Task directions:
Word for word, copy the line containing "Eftersom att Dundas" and every line after it in the records below, leaving pictures out.

Excerpted records:
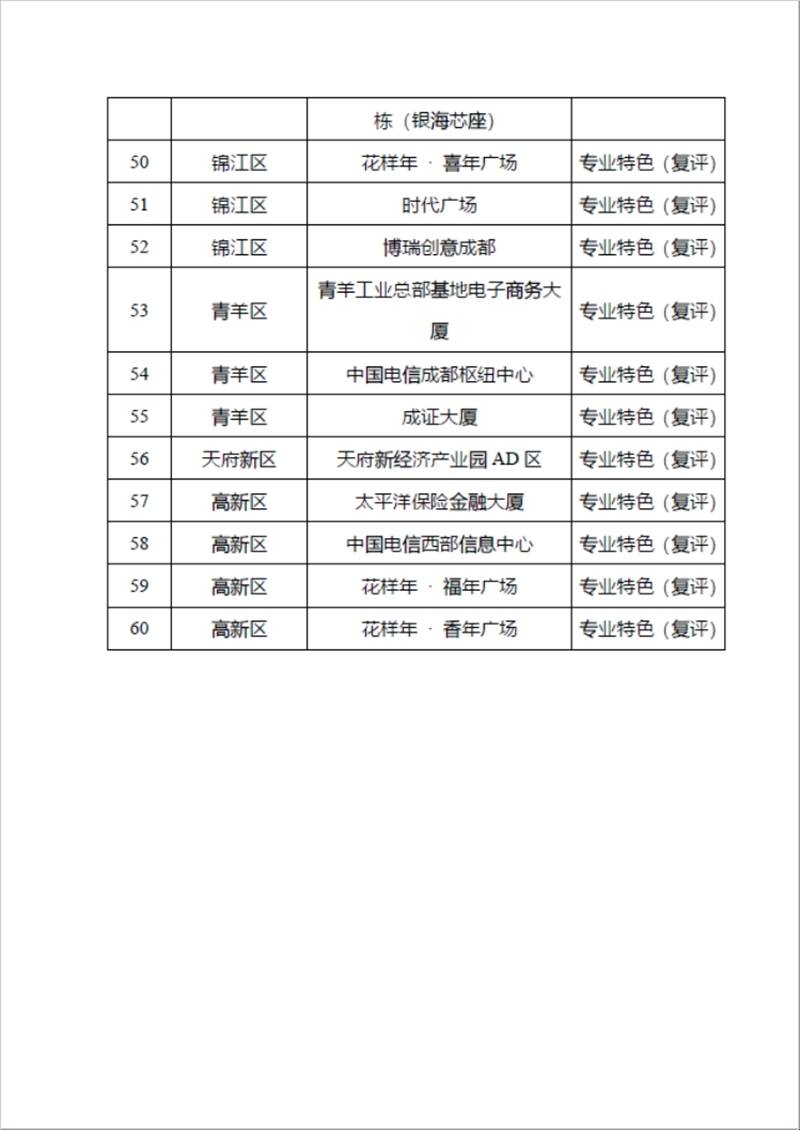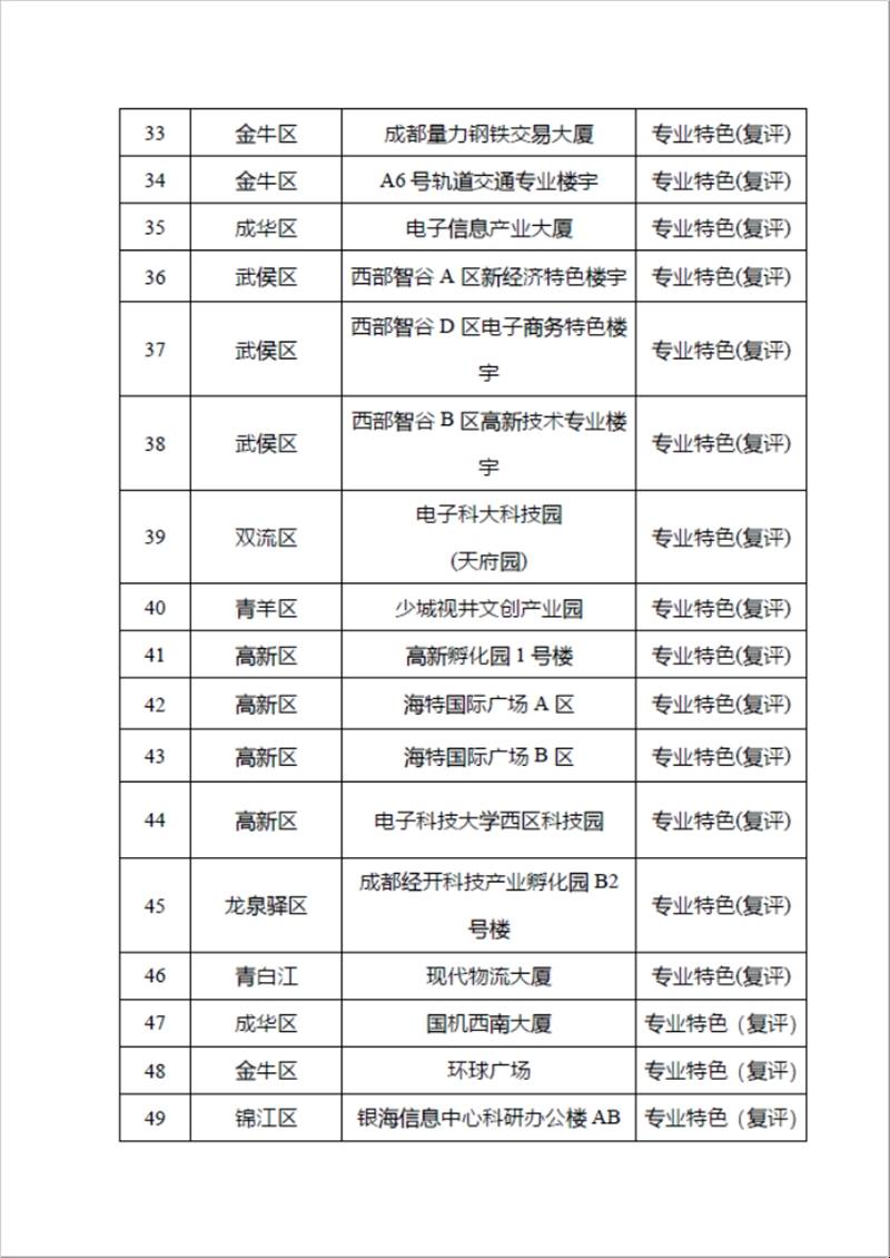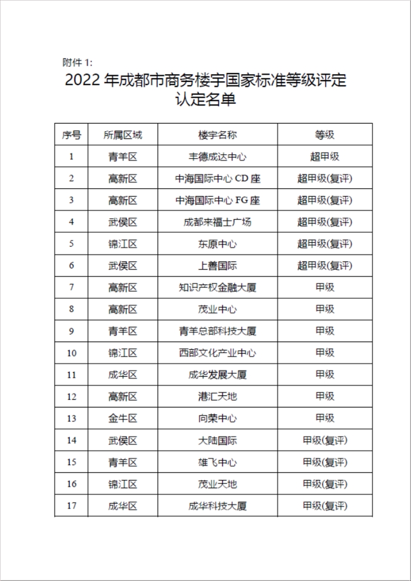作为全国首个实施商务写字楼等级评定的城市,成都市楼宇标准评定严格遵循政府监督、行业主导、社会参与、自愿申报、公正公开、动态管理的原则,而此次的超甲级、甲级写字楼,专业(特色)楼宇前期也经过2个多月的评选,通过申请、资格预审、抽选测评专家、书面评审、现场测评、入驻企业满意度调查、暗访等多项程序的严格筛选,最终共评出超甲级(国标)商务楼宇6栋、甲级(国标)商务楼宇11栋、专业(特色)楼宇60栋,其中新增超甲级(国标)商务楼宇1栋、甲级(国标)商务楼宇7栋、专业(特色)楼宇28栋,为成都市再树一批高品质商务标杆楼宇。目前,由成都牵头研制的楼宇经济三项国标不仅成功发布,而且在成都实施评定出了两批国家标准大楼,形成成都新的全国标准范本,为全国其他城市开展楼宇经济服务业标准化试点,提供了优秀案例。
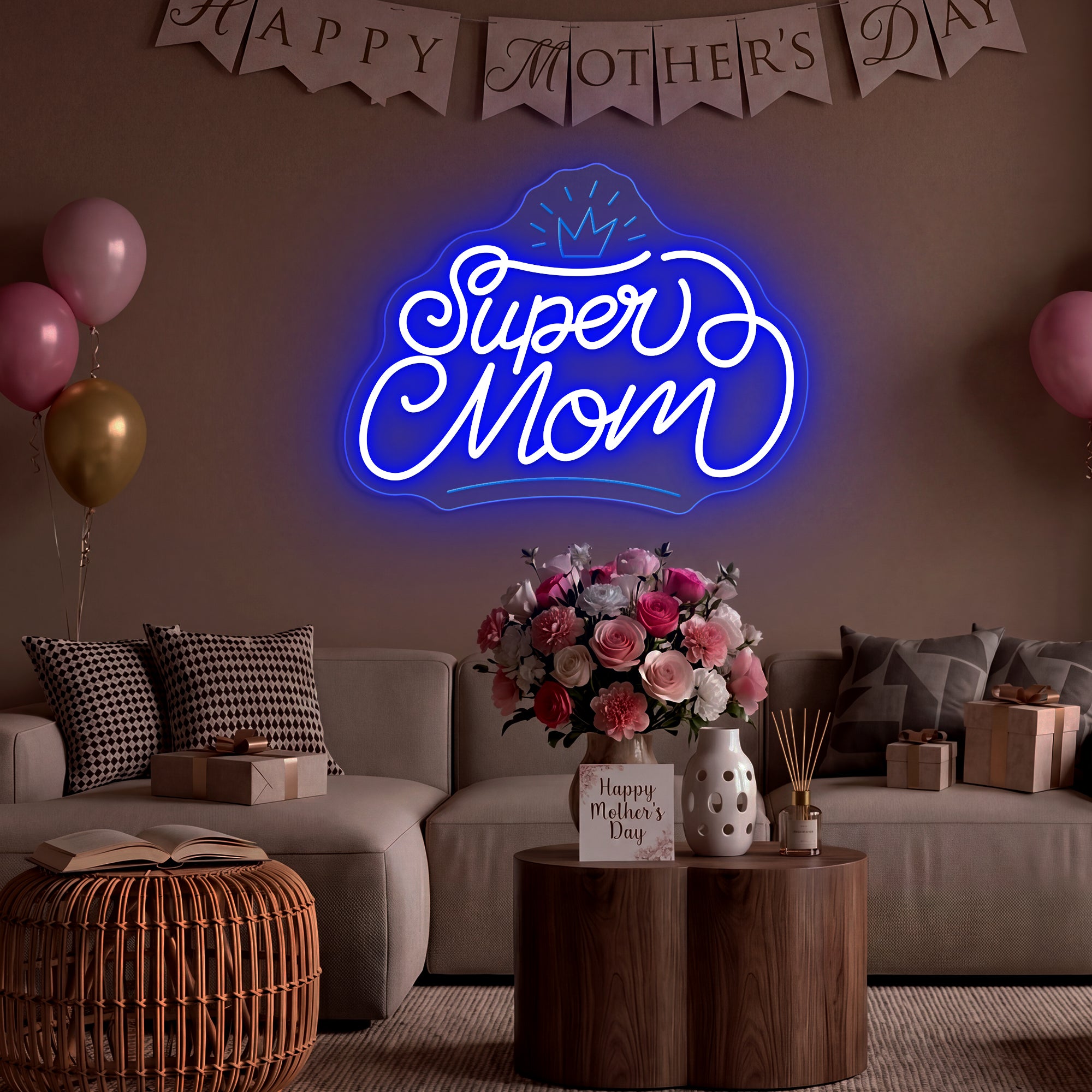 Empowering Typography with Regal Crown Accent: This luminous sign celebrates the queen of every household with style and heartfelt gratitude. It features the proud declaration “Super Mom” in a bold, confident font—clean, modern, and full of admiration. Above or beside the lettering, a delicately engraved crown sits as a symbol of her unwavering strength, grace, and the royal love she gives every single day. This intentional pairing of empowering words with a regal emblem creates a piece that says: she is not just a mom—she is a superhero, and she deserves a crown. Expertly crafted on premium acrylic with smooth, radiant LED neon outlining the text and precise engraving bringing the crown to life, it turns a heartfelt sentiment into a permanent, glowing tribute.
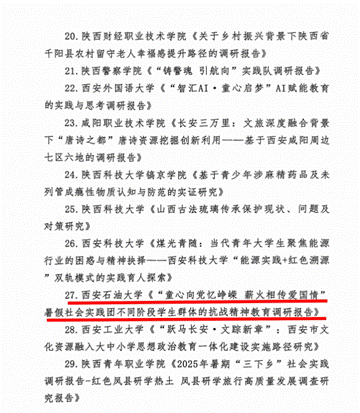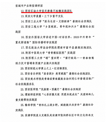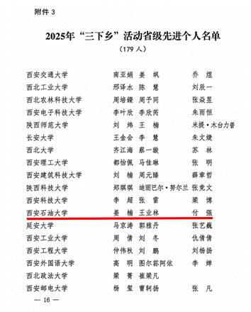 近日,共青团陕西省委、中共陕西省委教育工委在全省范围内组织开展的2025年陕西省大学生暑期文化科技卫生“三下乡”社会实践活动评选表彰结果揭晓,我校电子工程学院坚定禁毒不松懈实践团队被评为省级标兵团队,石油工程学院铁人足迹探寻与文化赓续实践团、机械工程学院四载坚守基层情怀,共筑退伍军人新生路—西安石油大学连续4年开展基层退伍士兵调研与帮扶社会实践活动团被评为省级优秀团队,姜楠、王业林、付强被评为省级先进个人,马克思主义学院《童心向党忆峥嵘薪火相传爱国情暑假社会实践团不同阶段学生群体的抗战精神教育调研报告》被评为省级优秀调研报告,并获团省委专项资助。
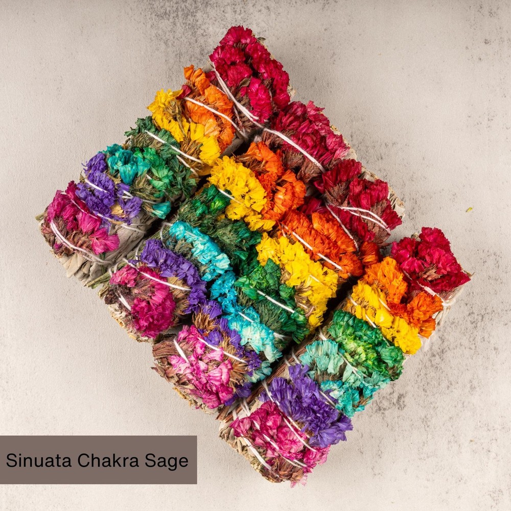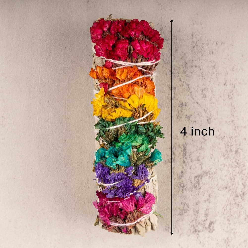PURE PURIFICATION: Immerse yourself in the ancient ritual of purification and cleansing with our premium Chakra White Sage Smudge with sinuata flowers, renowned for its unparalleled ability to clear negative energy and restore harmony to your space. GUARDIAN OF LIGHT: Harness the spiritual protection of 7 Chakra White Sage as it envelops your surroundings, creating a shield against negative influences and fostering a sanctuary of positivity and serenity. CAPTIVATING AROMA: Elevate your space with the captivating fragrance of our Chakra White Sage Smudge Stick, creating an irresistible atmosphere that enhances your smudging experience and leaves a lasting impression of purity and renewal. NATURAL ENERGETIC RESET: Let the cleansing power of Chakra White Sage smudging be your guide as it sweeps away stagnant energy, leaving behind a renewed sense of clarity, balance, and vitality in your home, office, or sacred space. CRAFTED FOR CONSCIOUS LIVING: Our White Sage Smudge Stick is handcrafted with care and reverence, sourced ethically to ensure the highest quality and potency, making it an essential tool for anyone seeking spiritual harmony and energetic alignment. Immerse yourself in the sacred tradition of smudging with our premium Chakra White Sage Smudge Stick with Sinuata Flowers. Crafted with care, its strong, resinous aroma purifies your space, uplifting your spirit and offering protection from negative energy. Ethically sourced and handcrafted, this sacred tool promotes mental clarity, emotional balance, and overall well-being. Elevate your spiritual practice and embrace the transformative power of White Sage today.
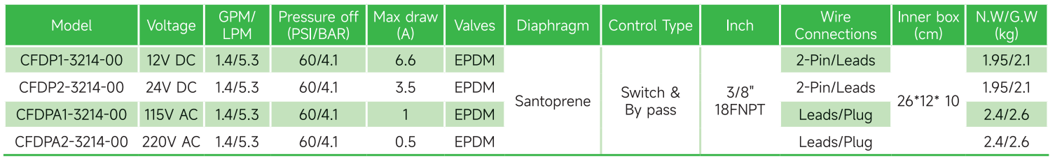 50pcsCaracterísticas: • Caudal abierto: 5,3 LPM (1,4 GPM) • Presión máxima: 60 PSI (4,1 BAR) • Voltaje del motor: 12 VCC/24 VCC/110 VCA/220 VCA • Funcionamiento en seco, sin daños • Desplazamiento positivo de 3 cámaras • Funcionamiento silencioso. • Ciclo de trabajo: Intermitente (el tiempo de funcionamiento continuo varía según la presión). • La bomba se puede utilizar con los siguientes controles: • Control de presostato o control de derivación. Para el control de potencia, puede elegir una bomba sin presostato o
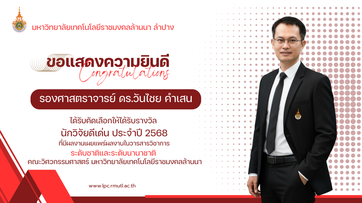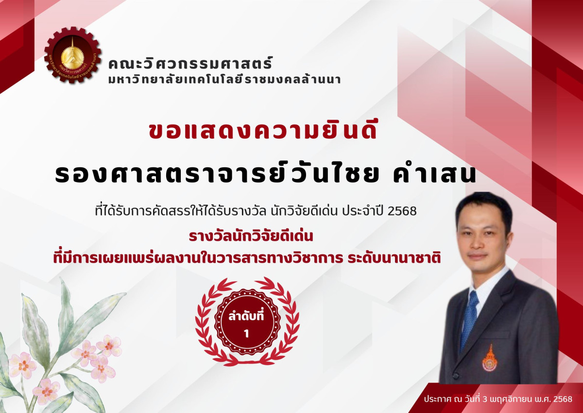 รองศาสตราจารย์ ดร.วันไชย คำเสน รองคณบดีคณะวิศวกรรมศาสตร์ มหาวิทยาลัยเทคโนโลยีราชมงคลล้านนา ลำปาง ได้รับคัดเลือกรับรางวัล “นักวิจัยดีเด่น คณะวิศวกรรมศาสตร์” ประจำปี 2568 ซึ่งจัดโดยคณะวิศวกรรมศาสตร์ มทร.ล้านนา เพื่อประกาศเกียรติคุณและเชิดชูนักวิจัยที่มีผลงานวิชาการโดดเด่น สร้างประโยชน์ต่อวงการวิชาการและต่อการพัฒนามหาวิทยาลัย
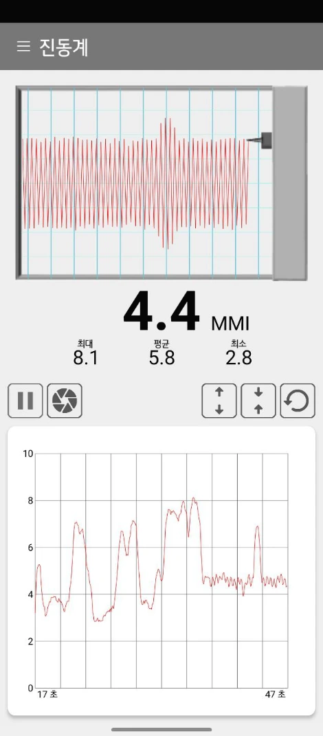 단위는 MMI (Modified Mercalli Intensity) 단위로 측정이 가능한 어플리케이션이었고,
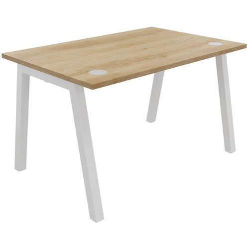 Scrivania singola con superficie in melaminico. Elettrificazione: ripiano dotato di passacavi. Pannello in melaminico ripiano Structurex® con profili in ABS antiurto 2 mm. Base con struttura con arco ad “A” obliquo. Ideale per il telelavoro
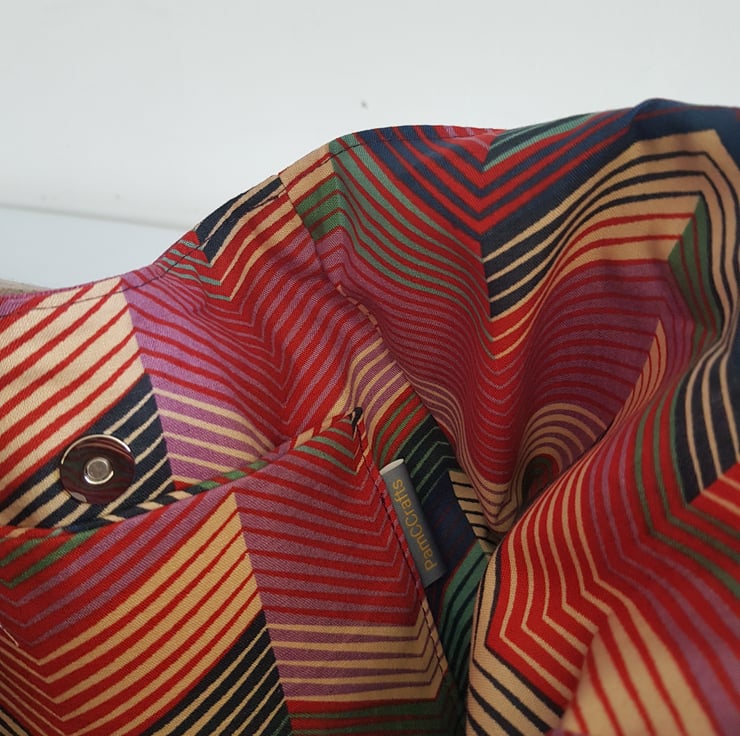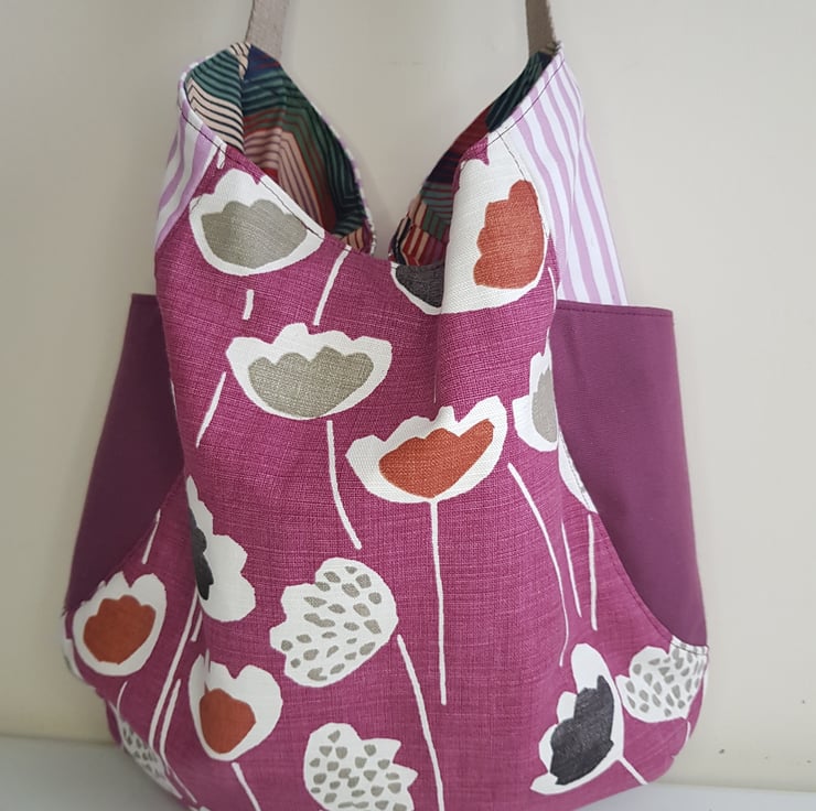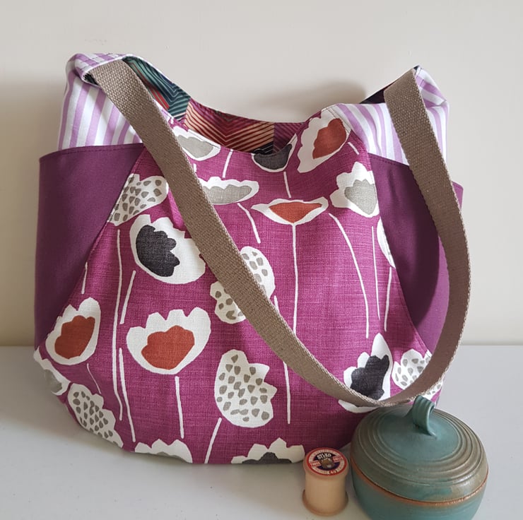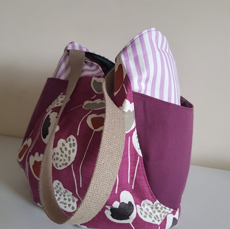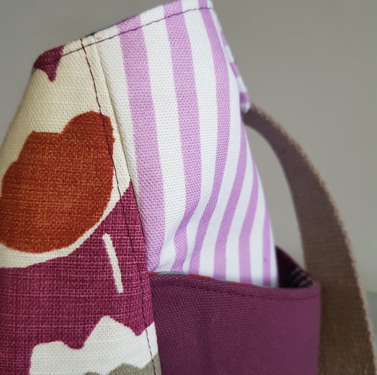 This cheerful and generous tote is made from good quality furnishing fabrics. It has 2 large side pockets and a pocket inside and it is fully lined. It is more detailed and challenging to make than my more simple totes, but it is a pattern I come back to again and again. I love coordinating the fabrics, and the generous side pockets. The outer fabrics are interfaced with a woven cotton to give additional strength
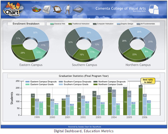 Eftersom att Dundas har använt samma färgskala på diagrammen högst upp och längst ner på bilden gör att det blir otydlig information. Man kan tro att dom hör ihop eftersom färgen är densamma, men det är just det dom inte gör. Även att använda 3D-grafik på diagrammen på toppen av webbplatsen gör att informationen är svårläst.
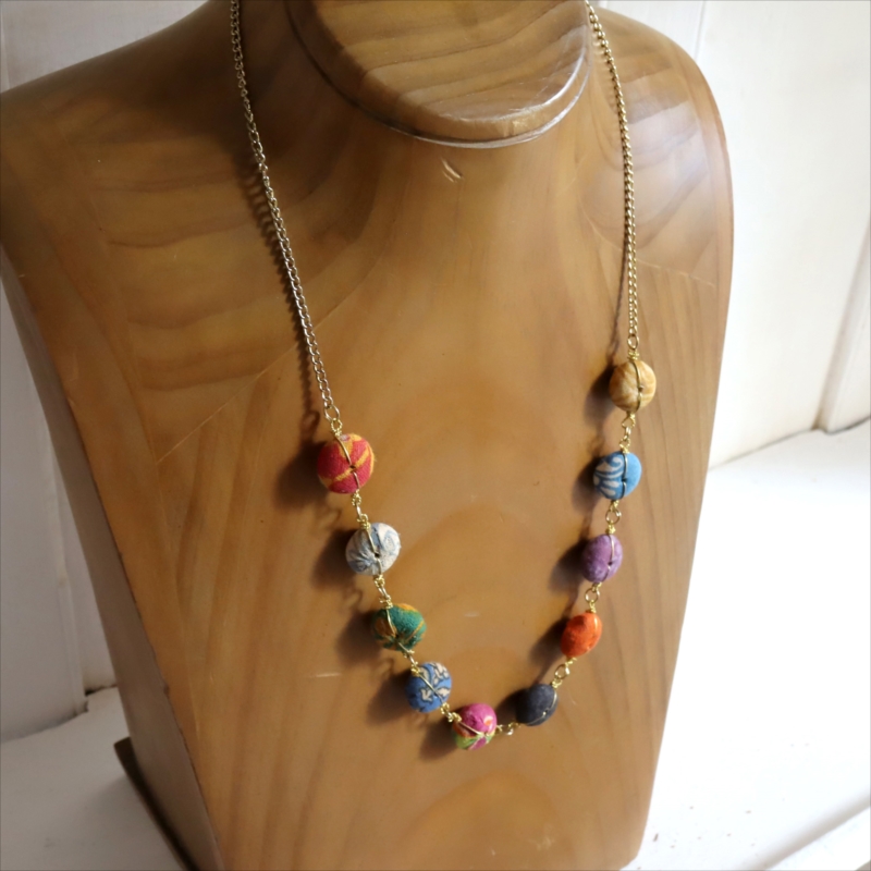リサイクルサリーの布で包まれたカラフルな10粒のビーズを、真鍮チェーンでつなぎ合わせた手作り感あるネックレスです。60cmの長さがあり、軽い作りなので、セーターやTシャツなどに合わせてカジュアルに楽しめます。
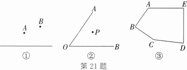21. (12分)(1) 如图①,直线同侧有点A,B,在直线上求作一点C,使它到A,B两点的距离之和最小(保留作图痕迹,不需要写作法).

Answer box:
 Eftersom att Dundas har använt samma färgskala på diagrammen högst upp och längst ner på bilden gör att det blir otydlig information. Man kan tro att dom hör ihop eftersom färgen är densamma, men det är just det dom inte gör. Även att använda 3D-grafik på diagrammen på toppen av webbplatsen gör att informationen är svårläst.
リサイクルサリーの布で包まれたカラフルな10粒のビーズを、真鍮チェーンでつなぎ合わせた手作り感あるネックレスです。60cmの長さがあり、軽い作りなので、セーターやTシャツなどに合わせてカジュアルに楽しめます。
21. (12分)(1) 如图①,直线同侧有点A,B,在直线上求作一点C,使它到A,B两点的距离之和最小(保留作图痕迹,不需要写作法).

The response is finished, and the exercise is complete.